Mysterious nightly banging, poop and a lonely aggressive in Emmen. ‘Don’t think they’ll go aside’

In the Rietlanden district in Emmen, they wonder where the nightly bangs come from. But there are more issues at play in the apparently quiet neighborhood.

Nocturnal banging. Anyone who talks to you about it in the Emmen district of De Rietlanden has heard it. The few who have never heard it say they are a good sleeper. “I think it’s fireworks,” says Laura Gerrits. In the Facebook group I love Emmen there is a lot of speculation about the origin of the explosions: there is pile driving, they are fireworks, they are illegal cannons used to scare away geese.

Fireworks or a hunter?

The three ladies who stroll through the neighborhood with a boomer on a leash – “We are the boomer club” – are puzzled. “It must be fireworks.”

Fireworks? Or a hunter? “I heard it recently too. I thought: can you hunt now?”

They do agree on one thing. “It comes from the direction of the Nieuw-Amsterdamsestraat.”

poop bag

The suggestion that it concerns farmers chasing away geese does not immediately seem very likely to the ladies, if they are very honest.

Geese family thinned out

The geese family was thinned out two years ago. The municipality is now involved in nest management, explains Stefanie Schipper of the municipality of Emmen. We check every year the entire area around the small and large Rietplas on nests. If there is indeed a nest, we treat the eggs so that they do not hatch. To limit the nuisance of the geese, we try to keep the geese in one place, as far as possible, by means of fences and extra planting. This should, for example, reduce goose droppings on the sidewalk. The sidewalk is also thoroughly cleaned a few times a year.”

But speaking of geese… They still know a few stories about that. Not about the Egyptian geese (actually ducks) that occasionally fly over the water-rich district in their hundreds at once, but about the twenty or so greylag geese that waddle through the district. “I think it’s strange: I always have to take a bag with me to clean up my dog’s poop, but you can’t cross the street here without stepping in the goose poop. I certainly don’t venture on the lawns,” said one of the three.

One of the other ladies of the boomer club adds: “Sometimes they walk in the middle of the street. Don’t think they’re going to step aside.”

“They poop every few minutes.”

“The municipality has placed fences along the ponds, but they don’t care about that either.”

“Go and have a look on the bridge ahead.”

Indeed, further down the Spechtenveld, a couple of tame geese (also called soup geese) are grazing. “It’s a family,” says a resident of the Watersnip. “They live here, you will never get them out.”

Subcutaneous war

The geese unintentionally cause a subcutaneous war between dog owners and residents of the Watersnip who appreciate their unobstructed view. A stream runs behind the houses. They look out on the street.

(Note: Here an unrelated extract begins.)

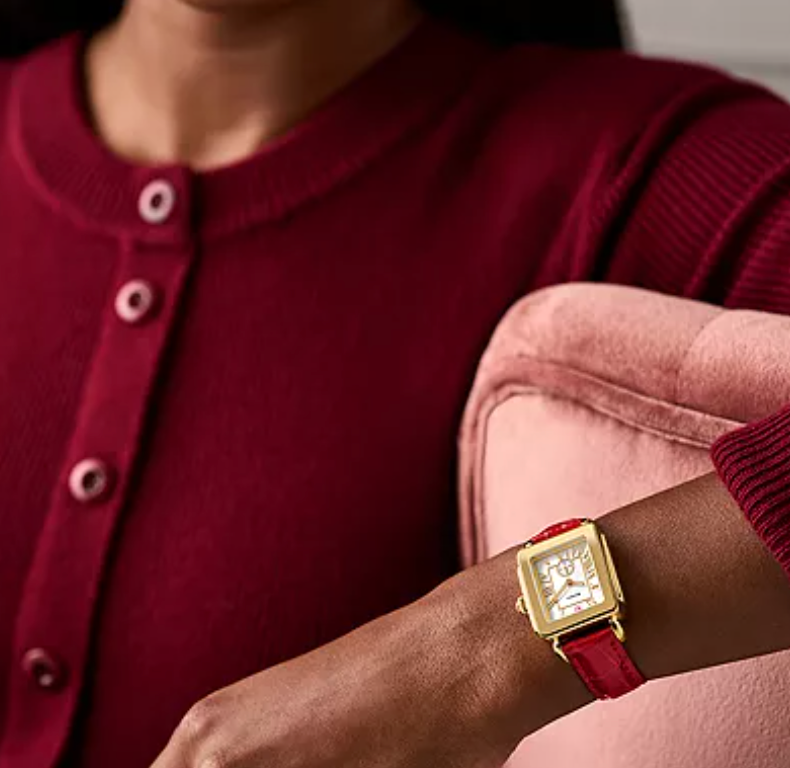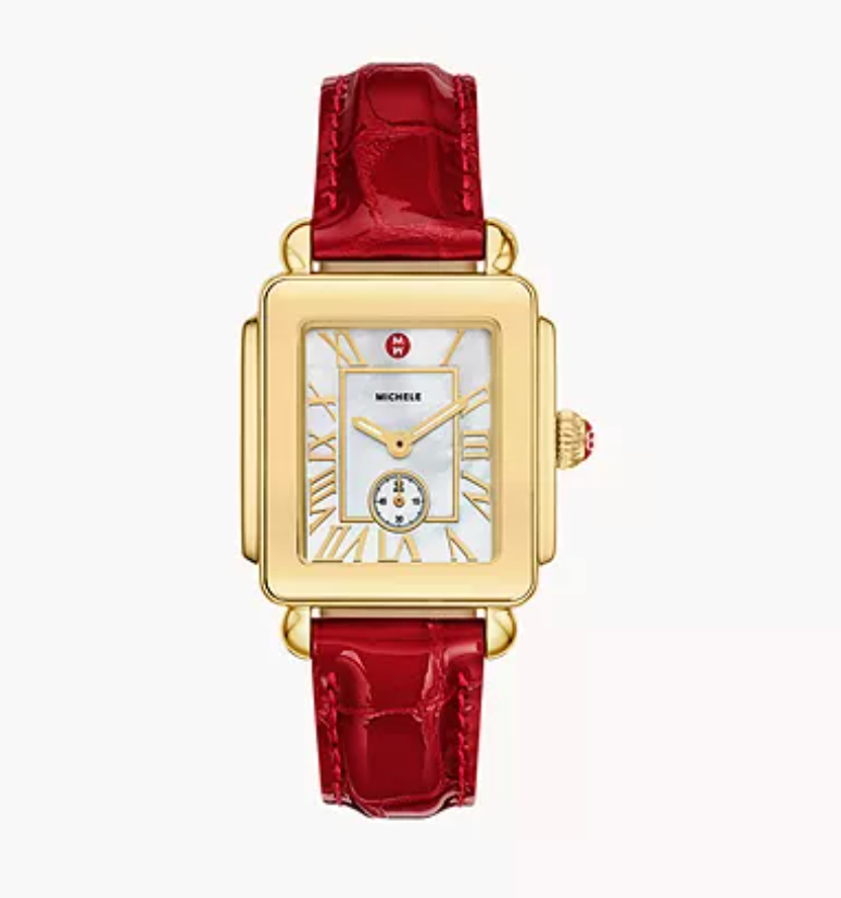The Deco Mid Sport combines a vibrant ruby red color with refined design. Its 31mm rectangular gold-tone stainless steel case frames a mother-of-pearl white dial, accented with polished roman numeral indexes and a sub-second movement. The shiny, croco-embossed leather strap, is interchangeable with any 16mm strap from MICHELE's collection, adding versatility to the design.

But between the property boundary and the water there is still a strip of municipal land that is gratefully used by geese unconcernedly defecating on the assembly line and by dog ​​owners. “Now our neighbors have placed a knee-high fence on one side and on the other. Dog owners have complained about this to the municipality because those fences are said to be life-threatening. The neighbors should actually remove the fences now.”

Neighbor Lisette Vogelvanger also knows the group of geese. “There is one who was very aggressive. He always walked alone.”

According to the resident of the Watersnip, this goose was injured. She’s not surprised. “They just walk down the street. Before you know it you have one under the car.”

Before we forget: do they also hear bangs at the Snipe? “Certainly! I think it’s against the Egyptian geese. They occasionally fly over here in the hundreds at the same time.”

Just outside the district, in a yard on the Verlengde Herendijk where half a dozen men remove weeds from between the tiles, they say that the farmer of the plot between Verlengde Herendijk and the Puurwaterfabriek Emmen blasts a carbide cannon to scare away crows and geese .

Hunting and chasing

The starting point of the policy in the province of Drenthe is to offer geese as much rest as possible in the winter period and to place more emphasis on limiting agricultural damage in the summer period. In both periods, the general starting point of the policy applies: prevention and deterrence take precedence over shooting.